The contracting world is tough out there with fierce competition. There any many methods you can use to increase your chances of employment and reducing the gaps you have between contractors. It is a difficult transition to make from permeant employment as it requires you to utilise different set of skills. Here we have condensed the key points to focus on to narrow down your focus and give you specific targets to work towards.
- Utilise the internet. Create your own profile online, make a presence for yourself on job boards as well as using agencies. Building a network online by simply uploading your CV to a job board site or CV library will immediately allow agencies and recruiters to see your CV and get in contact. Most contractors find that over 70% of their work is sourced from an agency. Rather than sending of your application to each recruitment agency individually, this will save you a lot of time.
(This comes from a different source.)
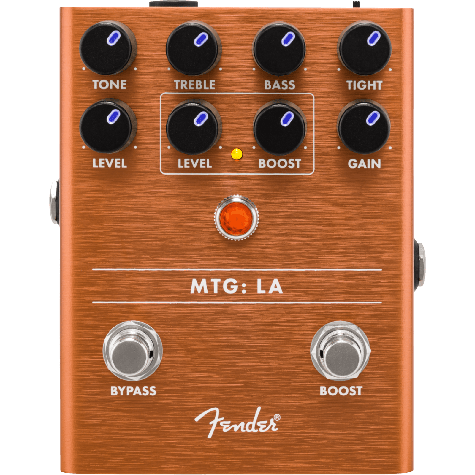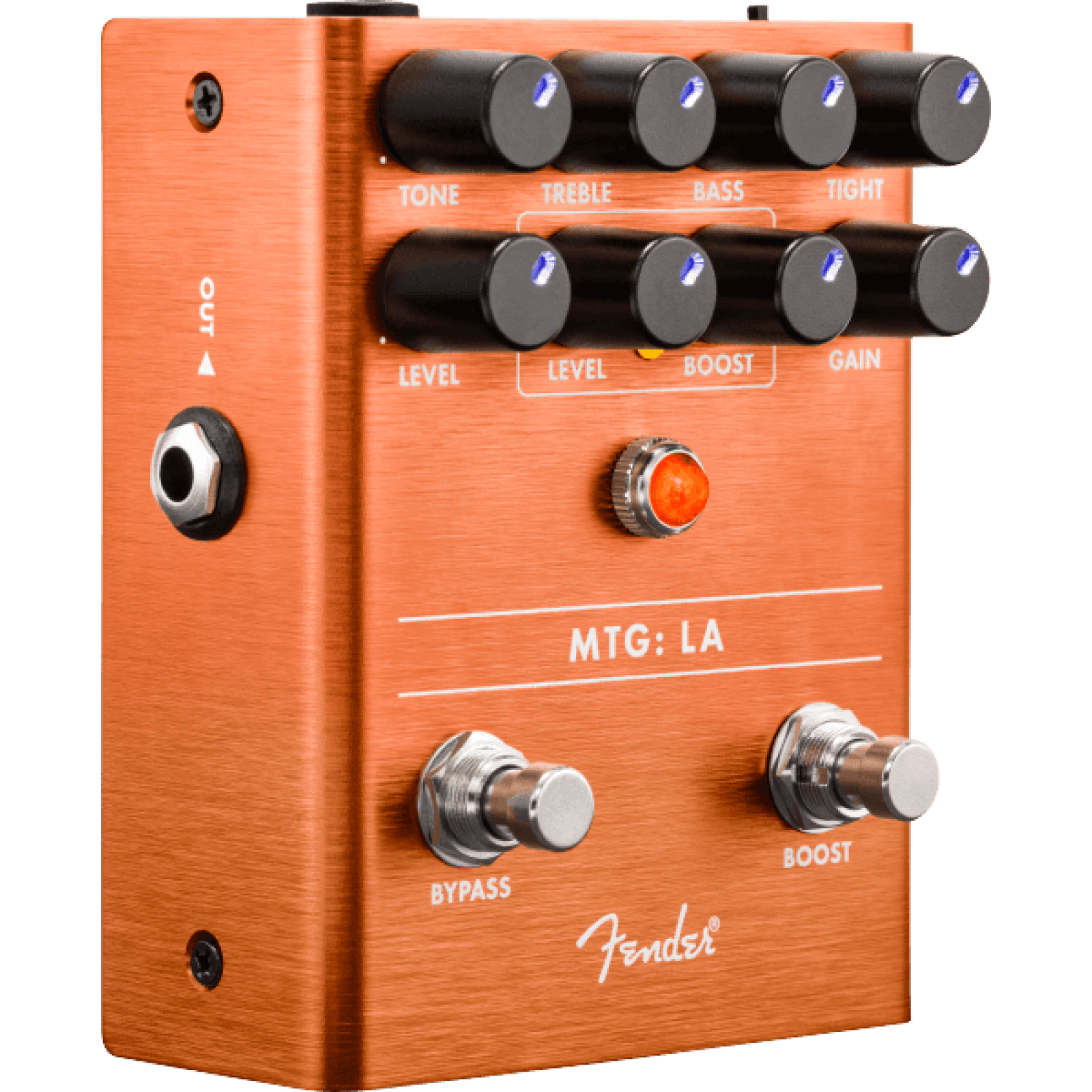 Few things are as satisfying as the real-deal distortion sound of glowing glass—vacuum tubes are responsible for the tones you fell in love with. MTG:LA® is a tube distortion pedal based around a genuine, U.S.-made NOS 6205 preamp tube. Tone, Bass, Treble and Tight controls make it easy to shape your sound, while the distinctly Fender footswitchable Boost adds Volume, Gain or both to make your solos stand out.

- Creating a strong contractor CV. A contractor’s CV is less focused on team player attributes. It should include your skills, career history and previous achievements. You should be able to tailor your skills to each contract. To excel in this aspect, consider enrolling in relevant courses that enhance your expertise. Platforms like Digital Constructive Contractor Licensing company, or similar firms offering contractor licencing courses can offer a wide array of courses that can equip you with the knowledge and skills necessary to excel in your contracting career.
- Target – once you know what roles you are looking for, you can target these clients/agents to correlate to your skills, adapting your CV accordingly. If you create a spreadsheet of those ones you’ve applied for and then you can log whether or not you have been successful in receiving contact back.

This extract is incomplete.